ISTANBUL, March 9 (Reuters) - Turkish banks have raised interest rates on forex deposits to nearly 3% as they seek to collect hard currency to overcome a shortage in the market due to increased demand sparked by the lira's decline, banking sources said.
The yield on forex deposits had been around 0.5%-1% and has risen to 2%-3% as private and public companies' foreign currency needs increase, the sources added.
The lira has lost 10% of its value against the dollar this year, most recently over Russia's invasion of Ukraine, after shedding 44% last year.
"Foreign currency deposit interest rates have neared 3%. Difficulty is experienced in finding foreign currency in the market," one source said.
The interest rates were raised to attract more foreign currency deposits, the person added.
Another banking source said the lira's decline had led to heightened forex demand for importers.
"The forex demand rises as import costs increase due to the lira's depreciation. Companies are going to need foreign currencies in the period ahead," the person said.
The central bank's forex sales to public institutions, including energy importer BOTAS, rose to a record high of $5.37 billion in February, the source added.
More than $15 billion of state economic institutions' forex needs have been met directly through the central bank's reserves in the last four months, without entering the market.
The central bank has met the market's need for nearly $30 billion of forex since December through its reserves, in addition to direct interventions in the forex market in 2019-2020, when it sold $128 billion to support the lira.
Economists calculate that the bank's forex reserves, which have declined in recent years as it sought to prop up the lira, dropped by $1 billion last week from $18.2 billion a week earlier.
Its net forex reserves are deeply negative when outstanding swaps are deducted.
A lack of foreign inflows has added to the forex shortage.
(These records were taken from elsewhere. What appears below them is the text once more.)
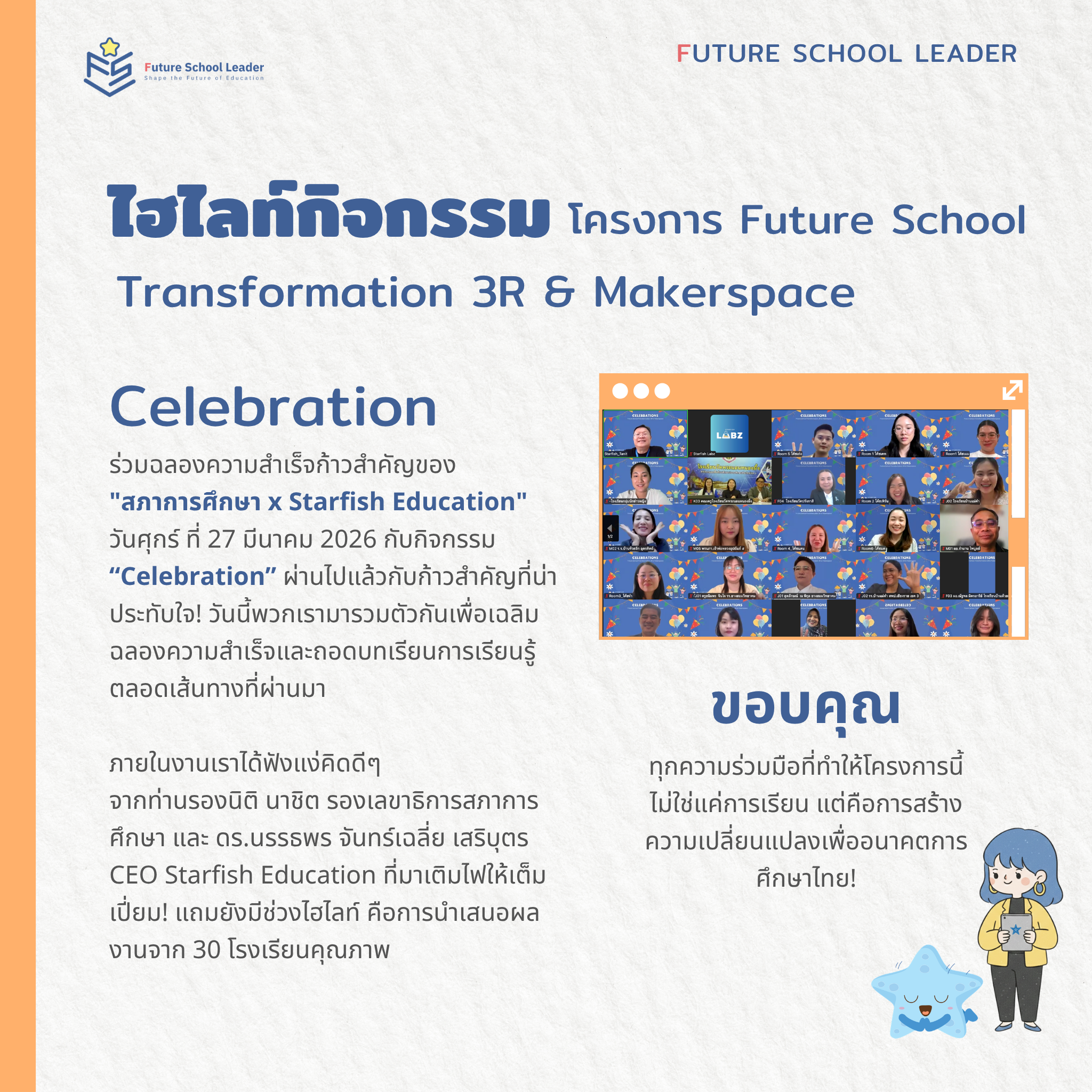 ✅ งาน "Celebration": ฉลองความสำเร็จร่วมกับสภาการศึกษา และ Starfish Education รับฟังแนวคิดดีๆ จากท่านรองนิติ นาชิต และ ดร.นรรธพร จันทร์เฉลี่ย เสริบุตร พร้อมชมผลงานจาก 30 โรงเรียนคุณภาพ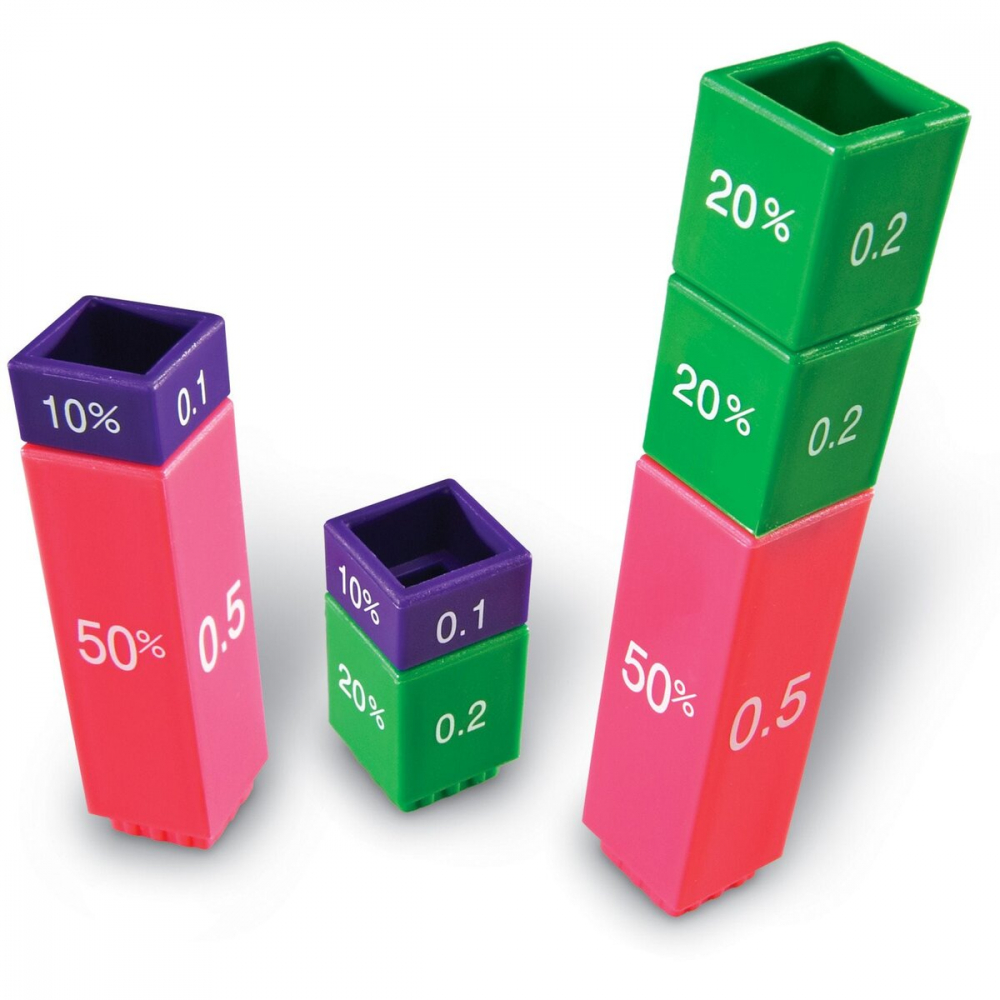 Cuburile colorate, rezistente si legate intre ele sunt perfecte pentru a exersa si compara fractiile, zecimalele si procentele.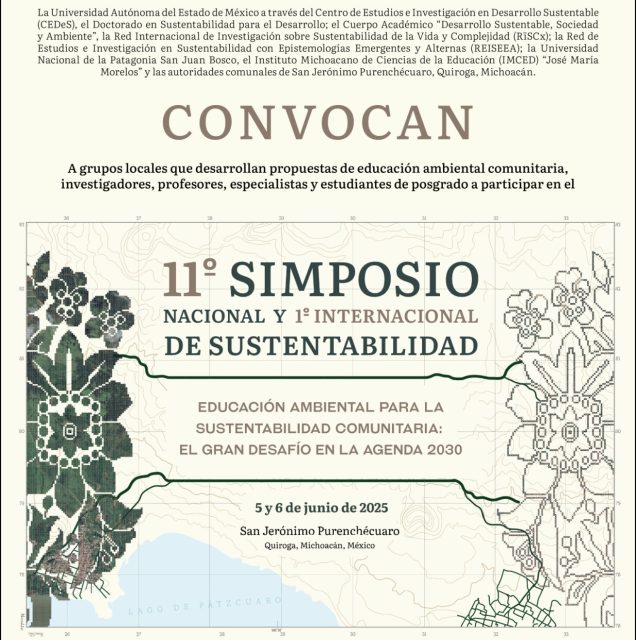 La Secretaría del Medio Ambiente (Secma) invita a grupos locales que desarrollan propuestas de educación ambiental comunitaria, investigadores, profesores, especialistas y estudiantes de posgrado a participar en el 11° Simposio Nacional y 1° Internacional de Sustentabilidad.

Foreigners' Turkish holdings have declined sharply in recent years and they sold off $217 million of stocks on the Istanbul stock exchange.
Finance ministry data shows that private and public sectors have foreign debt payments worth $63.8 billion this year, with $23.3 billion of that amount from state companies.
Russia's invasion of Ukraine also risks raising Turkey's forex needs, as it threatens to widen the current account and stoke inflation due to rising commodity prices.